Emily Almberg, an infectious disease ecologist with the FWP wildlife program, is working on the other part of the study — finding out what pathogens are present in the goat population.

Almberg plans to sample the goats, screen them for common viruses and parasites and record trace minerals, body conditions and any pregnancies. But she’ll particularly be looking out for signs of mycoplasma ovipneumoniae.

Mycoplasma ovipneumoniae is a bacteria that infects the respiratory systems of wild mountain goats and bighorn sheep and domestic goats and sheep. It often causes large die-offs in herds. The bacteria is particularly deadly for bighorn sheep, often causing 20 percent to 60 percent of a herd to perish, Almberg said.

While the disease’s impacts on bighorn sheep have been well-documented, less data has been collected on its effects on mountain goats. Almberg said that’s because scientists have handled fewer goat populations.
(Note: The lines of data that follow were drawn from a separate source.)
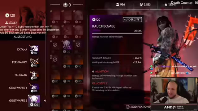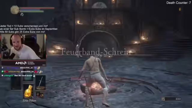 00:05:50Der Stream beginnt mit Grüßen an die Zuschauer und der Ankündigung, dass nachher eine kleine Souls-Challenge stattfinden wird, bei der die Zuschauer zwischen Sekiro, Elden Ring oder Dark Souls 3 wählen können. Dabei soll der Streamer nackt mit einer legitimen Waffe spielen und bei jedem Tod 10 Subs verschenken. Zudem wird auf eine Rabattaktion von 40% bei DisplayDuele am 3. Oktober hingewiesen. Es wird erwähnt, dass es im September dicke Rabatte auf Subs und Sub-Bombs gibt und die Zuschauer überprüfen sollen, ob dies auch für Re-Subs gilt. Der Streamer spricht über die Möglichkeit, als Abonnent im Stream zurückzuspulen und erklärt, dass dies für Turbo-Nutzer verfügbar ist. Er bedankt sich bei zahlreichen Zuschauern für ihre Subs und Unterstützung und geht auf die Frage ein, wann er wieder Elden Ring mit Jack spielen wird, wobei er vorschlägt, dies Ende nächsten Monats anzugehen, da er sich erst einmal Battlefield widmen möchte. Es wird auch die Möglichkeit eines Code Vein Runs angesprochen.
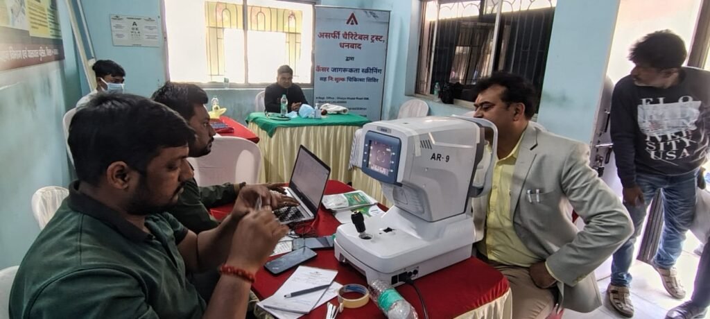 धनबाद(DHANBAD): राष्ट्रीय सड़क सुरक्षा माह के अंतर्गत धनबाद के असर्फी चैरिटेबल ट्रस्ट के सहयोग से जिला परिवहन कार्यालय परिसर में आज निशुल्क कैंसर जांच, बीपी, शुगर एवं नेत्र जांच शिविर का आयोजन किया गया। इस शिविर में कुल 82 लोगों ने स्वास्थ्य सेवाओं का लाभ लिया।
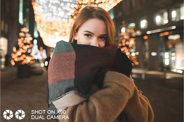 The X90 is stacked with 8+5MP dual rear cameras which takes stunning pictures and video. It captures stunning portraits even in dark conditions.

If translocation efforts were to occur in the future, FWP would want to know what the risk would be of the pathogens spilling over to or from other herds, Almberg said. The data could help researchers decide whether the members of the Bridgers herd are suitable for reintroduction elsewhere.

Biologists are still in the early stages of studying mountain goats in the Bridgers, and no reintroduction or translocation project has been initiated, Almberg said.